日産自動車は5月28日、2023年度までの新たな4カ年計画を発表した。元会長のカルロス・ゴーン氏が1999年に打ち出した「日産リバイバルプラン(NRP)」を思い起こさせるような大規模な構造改革になる。閉鎖方針を示したスペインの工場ではさっそく激しい抗議が起きるなど前途は多難だが、内田誠CEO(最高経営責任者)は拡大路線を突き進んだ「過去との決別」に強い意志で臨む考えだ。

構造改革プランを発表した日産自動車の内田誠CEO(中央)
構造改革プランを発表した日産自動車の内田誠CEO(中央)

 「失敗を認め、正しい方向に向かうことが欠かせない」──。

 28日、構造改革計画を発表した日産の内田誠CEOはこう宣言した。新型コロナウイルスの問題が本格化する前から始まっていた販売不振により、同日発表した19年度の最終損益は6712億円の赤字。これは、ゴーン元会長が日産再建を主導し始めた1999年度と同レベルの赤字額だ。

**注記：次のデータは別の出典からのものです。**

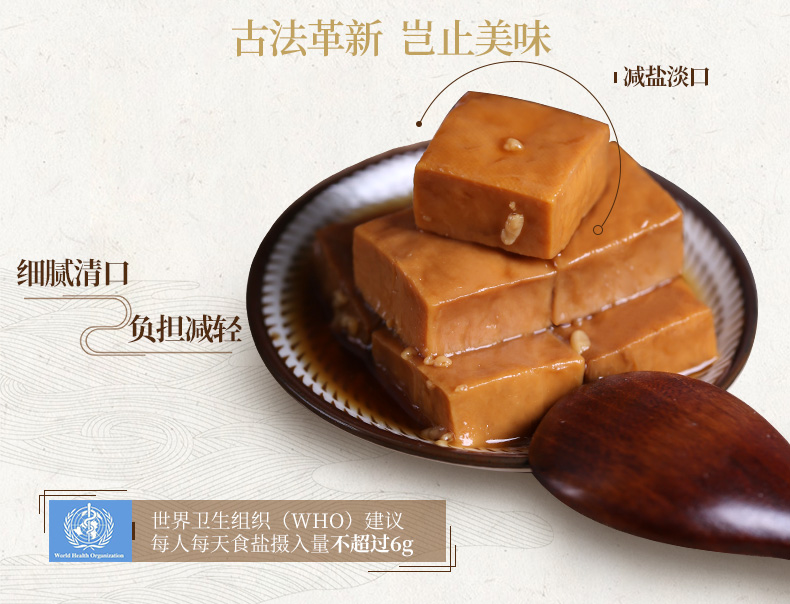 经过不断试验,平衡美味与健康,成就了现在低盐淡口的腐乳版本
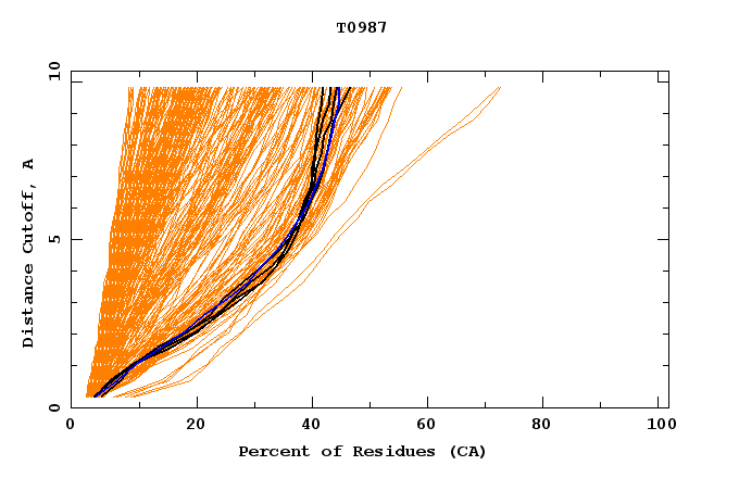 GDT analysis: largest set of CA atoms (percent of the modeled structure) that can fit under DISTANCE cutoff: 0.5A, 1.0A, 1.5A, ... , 10.0A
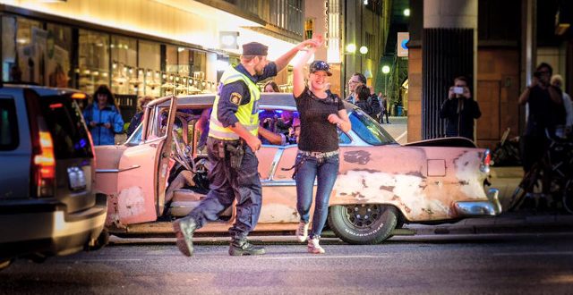 غزت صورة شرطي سويدي قام بايقاف حركة المرور في وسط ستوكهولم بعد طلبه الرقص من احدى الفتيات معه مواقع التواصل الاجتماعي .
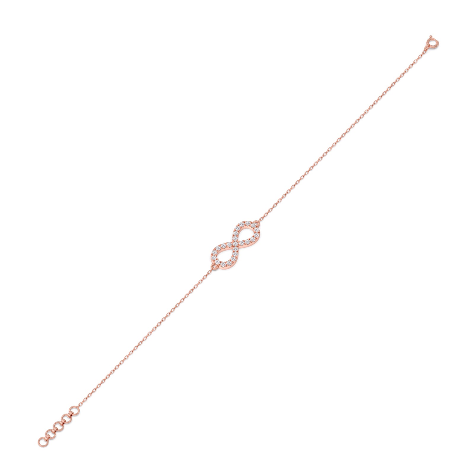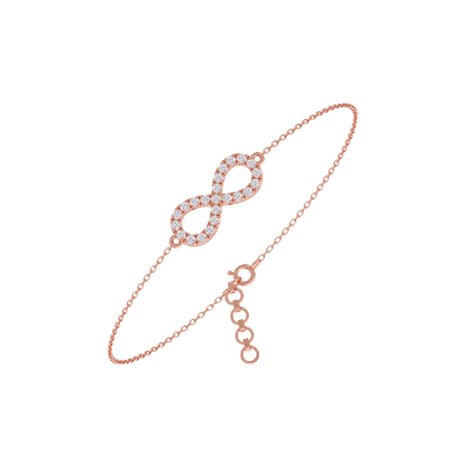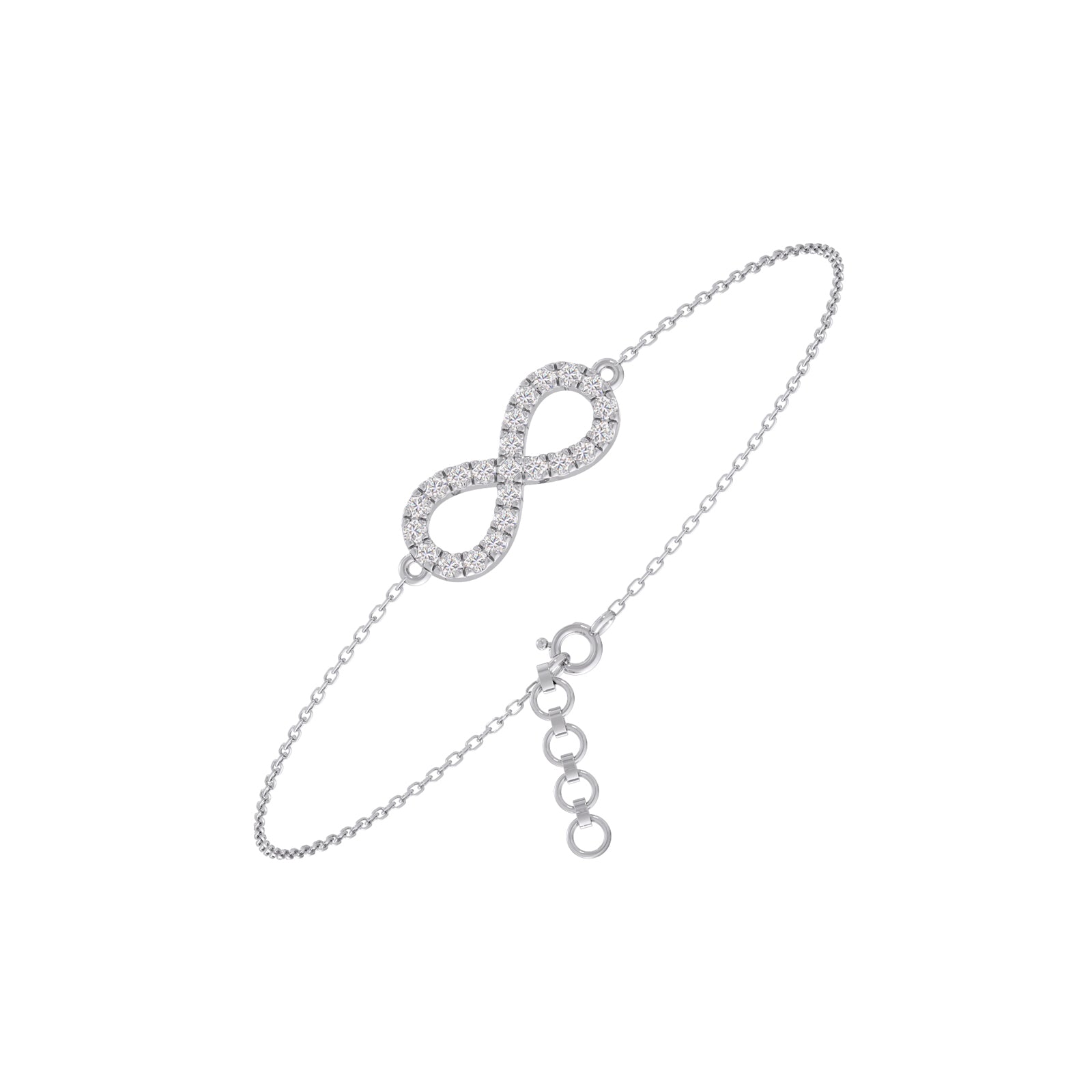 The Infinity Chain Bracelet features a sleek infinity-shaped pendant adorned with round diamonds in a delicate micro-prong setting. Symbolizing eternal elegance, the refined design sparkles with subtle brilliance, making it a timeless addition to any jewelry collection.

 発表した構造改革プランの骨子は、スペインやインドネシアの工場閉鎖を通じた生産能力の縮小や車種数の削減など。事業規模を「身の丈」にあわせようというものだ。18年度に約720万台だった世界の生産能力を2割減の約540万台に縮小し、車種数も23年度までに69から55へ減らす計画だ。固定費を下げ、車種を絞ることで23年度には売上高営業利益率5%の確保を狙う。19年7月にも生産能力を1割減らすなどの構造改革プランを公表していたが、新型コロナの影響が色濃くなったこともあって一段と踏み込んだ内容となった。

 こうした「削減」や「縮小」といった施策は、ゴーン元会長が1999年に打ち出しその後のV字回復につなげたNRPとも共通する。当時の日産は6.6%だった世界シェアが4.8%まで低下し、有利子負債は2兆円まで膨らんでいた。無駄を絞りきり、適切な規模に収めなければ破綻は避けられなかった。

 NRPでは、大胆かつ明確な数値目標を設定して注目を集めた。日産系列のサプライヤー数を1145社から600社に減らし、村山工場や日産車体の京都工場などの閉鎖を決め、世界で約2万1000人の人員を削減するなど目標を掲げた。黒字化や利益率、有利子負債削減などの目標について、ゴーン氏は「1つでも未達成なら経営陣全員が辞任する」と宣言して背水の陣を敷き、負債を大幅に圧縮。その後は北米や新興国を中心に生産拠点を拡充し、規模を拡大し続けた。